Figure 12a illustrates a steady decrease in the number of discovered fuzzy high-utility itemsets in the Diabetes dataset with an increasing minimum utility threshold. Figure 12b reveals an initial slow decrease in runtime, accelerating in the latter half as the utility threshold increases, with notable performance improvement in the UPhist algorithm. Runtime drops significantly from 2.5 to about 0.8 s as the utility threshold increases from 4 to 4.5 million, surpassing the speed of F-UFH but lagging behind EFIM. As depicted in Fig. 12c, memory usage generally declines and stabilizes with utility threshold elevation, except for a minor surge in F-UFH at the maximum utility setting. Figure 12d exhibits the F-UFH experiments on the Diabetes dataset, revealing minimal time for fuzzification but high usage during the mining phase. Finally, Fig. 12e indicates constant memory usage in the mining process, yet decreasing memory consumption during fuzzification with an increasing minimum utility threshold, that ultimately stabilizes.

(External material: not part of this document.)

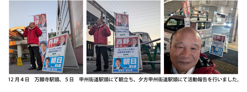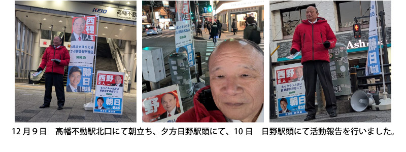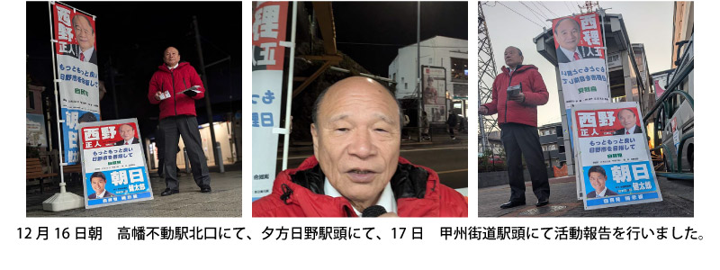 以上、今回は私が思う日野市の課題を4項目挙げさせて頂きましたが、この他にも川辺堀之内区画整理の問題はじめ都市計画道路建設に向けての課題や公共施設老朽化における対応また高齢者介護施設の経営状況問題・災害対策における諸課題など多数ありますが順次お知らせさせて頂きます。本年も西野正人の政治活動にご理解ご協力をお願いします。

Evidently, the findings allow us to deduce definitive conclusions about temporal and spatial complexity. Reflecting on temporal complexity, an upward movement in the minimum utility threshold in the Diabetes dataset corresponds with a progressive decline in the quantity of high utility fuzzy itemsets detected. This illustrates the algorithm's enhanced pruning speed at higher utility thresholds, effectively diminishing the search space and thereby reducing temporal complexity. Notably, the UPhist algorithm demonstrates a significant time reduction from 2.5 to about 0.8 s when the utility threshold escalates from 4 to 4.5 million, signaling its high performance optimization at larger utility thresholds. Conversely, the F-UFH technique, while inferior in performance to UPhist, outperforms the EFIM algorithm at increased utility thresholds, underscoring the varying efficiency of different algorithms at different thresholds.

Exemplary performance is demonstrated by the algorithms concerning space complexity. With increasing utility thresholds, a decline and subsequent stabilization are observed in memory consumption, signaling the algorithms' commendable scalability in the realm of space complexity. One outlier to note is the increased memory usage of F-UFH at the maximum utility threshold, potentially due to the processing of a larger number of fuzzy itemsets at high thresholds. Referring to Fig. 12d, the application of the F-UFH model to the Diabetes dataset centers most processing time in the mining phase, with less time consumed in the fuzzification phase, indicating the high spatial complexity of the mining phase. Yet, Fig. 12e reveals consistent memory usage during the mining process with decreasing memory utilization during fuzzification, which ultimately stabilizes as the minimum utility threshold is enhanced. This underlines the algorithm's scalability in relation to space complexity.

Consolidating the aforementioned analysis leads us to infer that a rising minimum utility threshold corresponds to reduced temporal complexity, while spatial complexity commendably retains its scalability. Performance divergences are evident among algorithms interacting with different thresholds, thus underscoring the need to judiciously select algorithms congruent with specified scenarios in practical applications.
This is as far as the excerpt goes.